Jerk Chicken with Plantains
I love the flavors of this dish, sweet with a little heat, tangy, citrusy. This recipe does not follow the traditional method of wet marinating with Jerk Spice or using a dry-rub on the chicken, but the advantage is preparation time is reduced and the flavors are still off the hook! And the Plantains are soo good, I could just eat the plantains as a sweet treat, maybe over some coconut ice cream, or dipped in Nutella. They are such a nice complement to the spicy flavors of the chicken. You will enjoy eating and serving this dish to your guests. Thank you for reading and have a lovely evening.
- 4 6-ounce skinless, boneless chicken breasts
- Kosher salt
- 2 teaspoons jerk seasoning
- 1/4 cup vegetable oil
- 2 ripe plantains, peeled and sliced 1/2 inch thick
- 1 tablespoon brown sugar
- 1/4 tablespoon cinnamon
- 1 small red onion, thinly sliced
- 1 red bell pepper, diced
- 1 tablespoon minced peeled fresh ginger
- 1/2 Scotch bonnet chile pepper, halved lengthwise (remove seeds for less heat)
- 1/2 cup apple cider vinegar
- Heaping 1/3 cup pineapple preserves
- 2 tablespoons chopped fresh cilantro
Preheat the oven to 200 degrees F. Season the chicken on both sides with salt and the jerk seasoning. Set aside while you cook the plantains.
Heat 2 tablespoons vegetable oil in a large nonstick skillet over medium-high heat. Add the plantains in a single layer and cook until golden brown, about 3 minutes per side. Transfer to a baking sheet and season with salt, cinnamon and brown sugar. Keep warm in the oven.
Add 1 tablespoon vegetable oil to the same skillet over medium heat. Add the chicken and cook until browned and cooked through, about 7 minutes per side. Transfer to a cutting board to rest.

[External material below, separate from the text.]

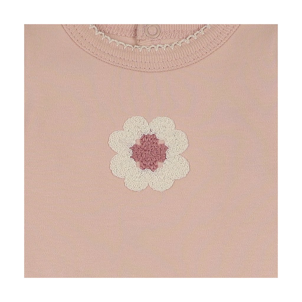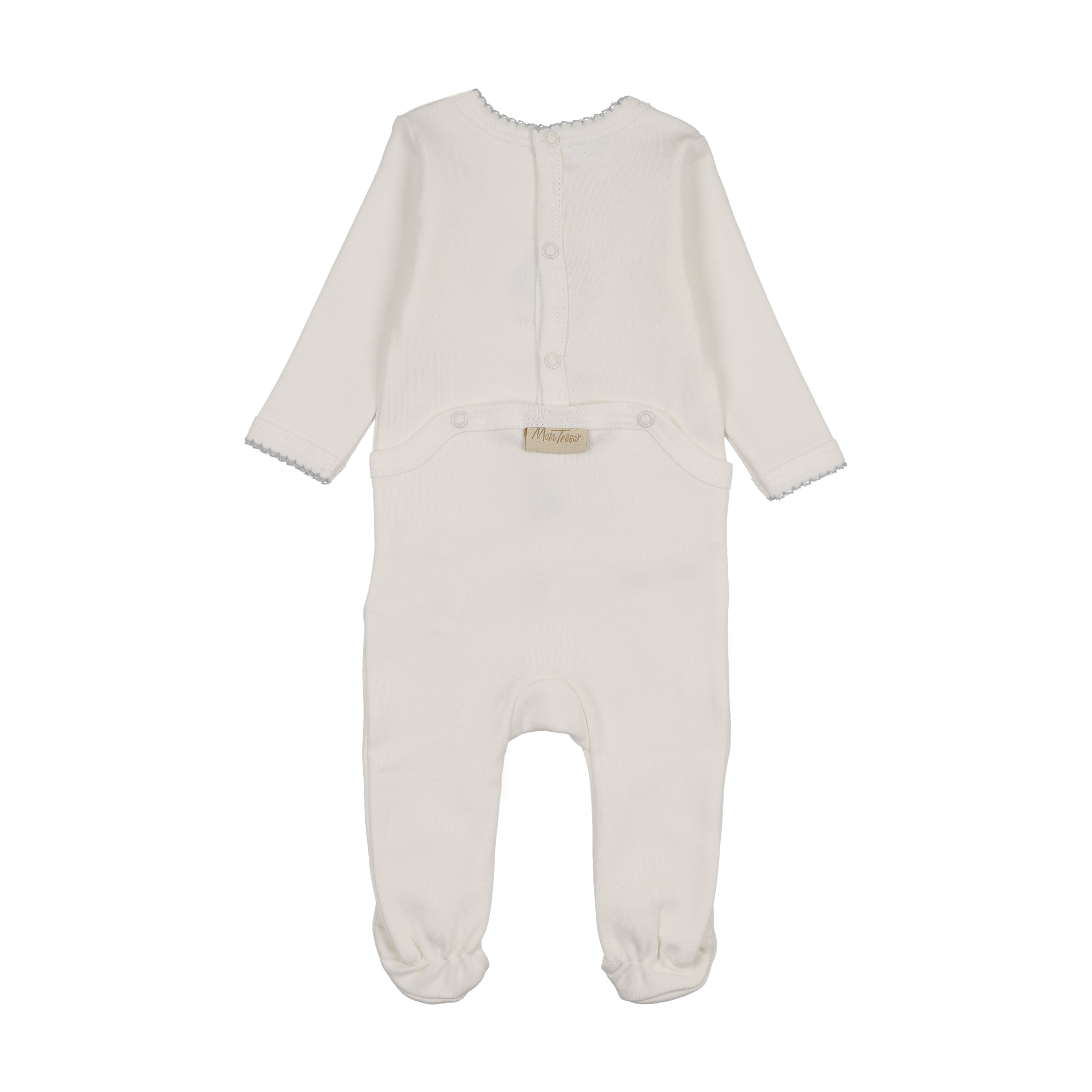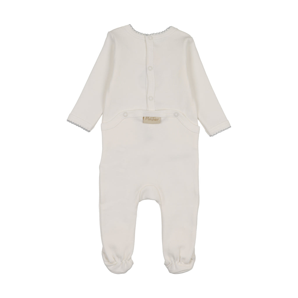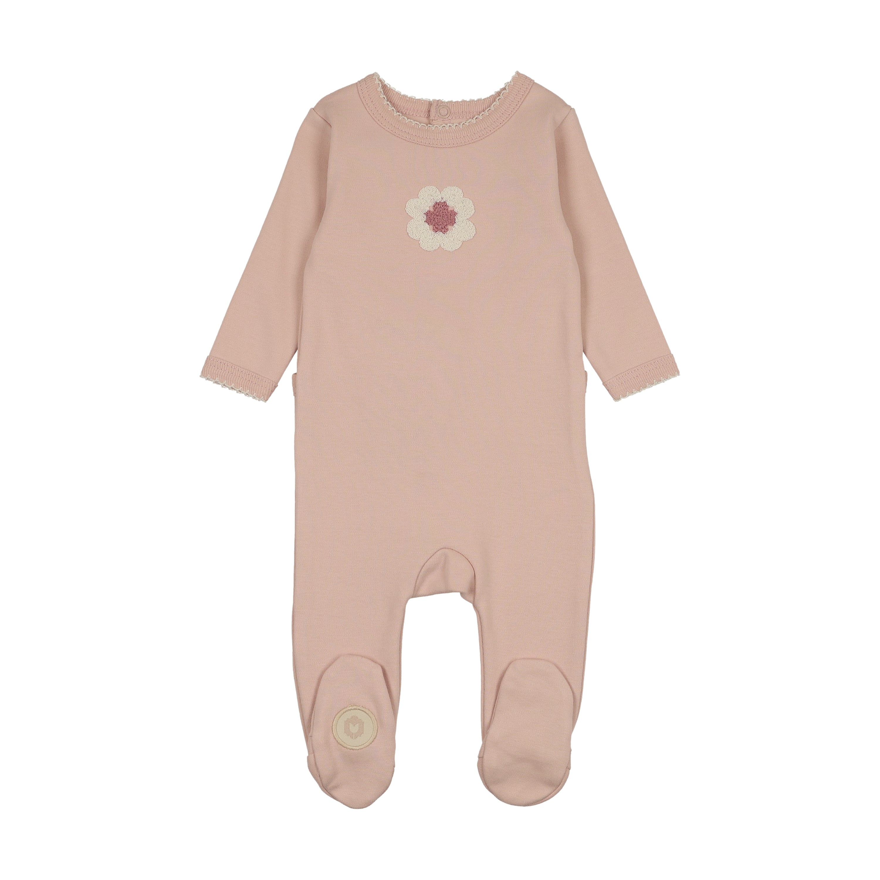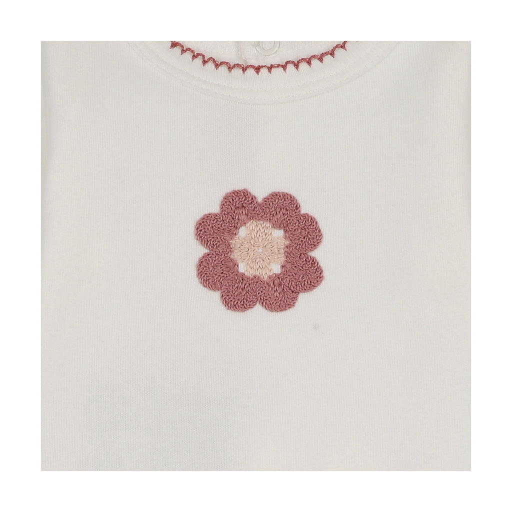 Do well in geometry this season. This uniquely blissful cotton footie is adorned with a charming knit flower and geometric shape appliqué on the chest. Here's a modern twist on timeless design. Paired with a beautifully knit blanket featuring matching geometric shapes and a coordinating hat.

Add the remaining 1 tablespoon vegetable oil to the skillet and increase the heat to medium high. Add the red onion, bell pepper, ginger, chile and a pinch of salt. Cook, stirring, until the vegetables just start softening, about 2 minutes. Add 1/2 cup water, the vinegar, pineapple preserves and 1/2 teaspoon salt. Bring to a boil, then reduce the heat and simmer 3 minutes. Discard the chile and stir in 1 tablespoon cilantro.
Slice the chicken and divide among plates along with the plantains. Spoon the vegetables over the chicken using a slotted spoon. Top with the remaining 1 tablespoon cilantro. Serve the pineapple sauce on the side.